In 2021, U.S. retail sales of plant-based foods grew 6.2 percent following a record year of growth in 2020, bringing the total plant-based market value to an all-time high of $7.4 billion, according to data released from the Plant-Based Foods Association, The Good Food Institute and SPINS. Compared to total retail food sales during that time frame, plant-based food retail sales grew three times as fast. Consumers have an appetite for plant-based foods and are continuing to be open to trying plant-based versions of foods traditionally prepared with meat. Consider how you might apply this approach to your menu in even the meatiest of dishes. Where might you reinvent an appetizer or entrée with plant-based ingredients in place of meat, all while keeping the flavor and texture of the dish intact?
Remember when eating pasta felt like a guilty pleasure? It doesn’t have to anymore, thanks to the plethora of options available that can suit not only guests sensitive to gluten, but also those simply looking for their pasta to pack a more nutritious punch than the conventional variety.
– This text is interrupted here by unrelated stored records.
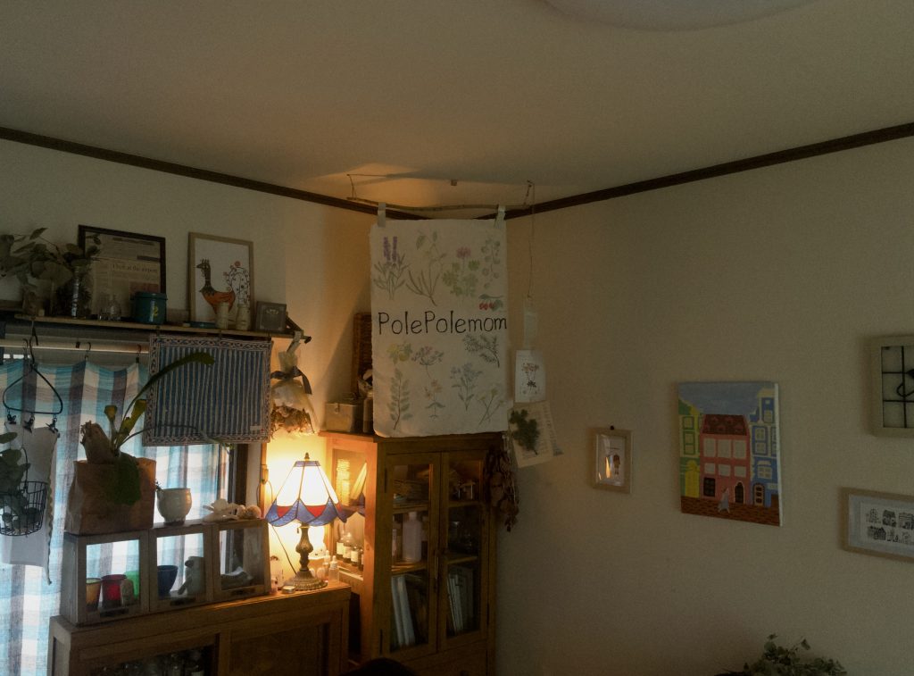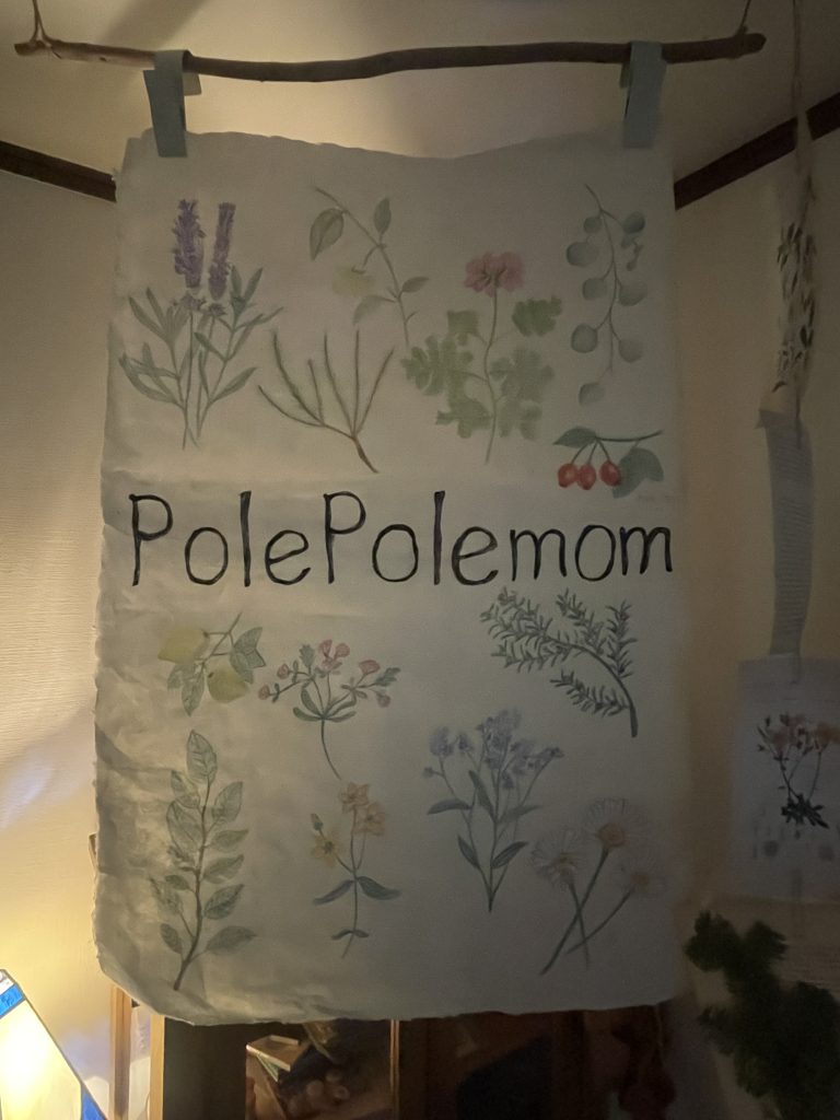 大学の春休みで帰って来ている三女に私の癒しの場所『ハクトヤ』で購入した和紙を使ってpolepolemomのタペストリーを描いてもらいました。
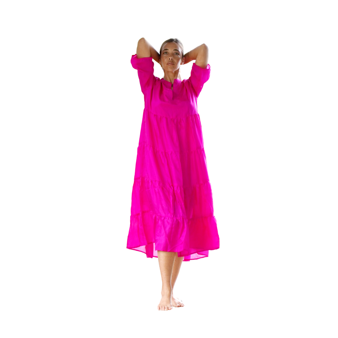 Faites rayonner votre style avec cette robe longue en soie fuchsia , à la fois chic , confortable et intensément féminine . Sa matière douce et fluide offre un tombé léger & une sensation de fraicheur, idéale pour les journées d'été.
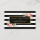Este "Cartão de Nomeação de Bela Salão de Bela Lata Branca Floral Floral" é a forma perfeita de adicionar um toque de elegância e profissionalismo à sua empresa. O cartão apresenta uma bela decoração floral sobre um fundo de listras brancas pretas com uma estrutura dourada para o nome e a informação do salão. Com este cartão, você pode agendar facilmente compromissos e fornecer aos seus clientes todos os detalhes de que eles precisam. Ele pode ser usado por qualquer negócio relacionado à beleza, como cabeleireiro, maquiador, spa ou dono de salão. Com a ajuda da ferramenta design de Zazzle, é fácil personalizar esta modelo para torná-la sua e refletir sua marca pessoal. Imprima os seus clientes e destaque-se no setor com este cartão impressionante.

It’s an extra benefit when those alternative options don’t feel like a big sacrifice in the taste department. Consider offering options made from beans, chickpeas or lentils, fortified with protein and fiber, or made from sprouted grain.
You’re no doubt scrutinizing your menu amid ongoing inflation and supply shortages – and animal proteins, which are among the higher-priced foods that consumers and restaurant operators alike are paying for right now, are a key target for reinvention. Consumers are buying less meat at the grocery store due to higher prices and won’t be surprised to see more expensive meat (or fewer beef options) on the menu at the moment. So what’s the best alternative course of action? In addition to pork, which should continue to be a value option, poultry is likely to be a viable choice in the coming months. According to research from BTIG, poultry is due to see substantial deflation in the first quarter of 2023, even as beef prices are poised to continue their climb. In the meantime, while plant-based proteins continue to have an important place at the center of the plate, plant-based beef sales have dipped. (At a time when restaurant meals may be harder to justify, consumers may be more inclined to splurge on the experience of a beef burger over a plant-based one.) Restaurants may benefit by being extra purposeful with the beef-based options on the menu so they feel more experiential. Feature premium cuts as specials. Get creative with less expensive cuts by using them in flavorful marinades featuring on-trend spices. Offer slow-cooked beef to elevate the melt-in-your-mouth experience that helps you make the most of the beef you’re able to buy right now.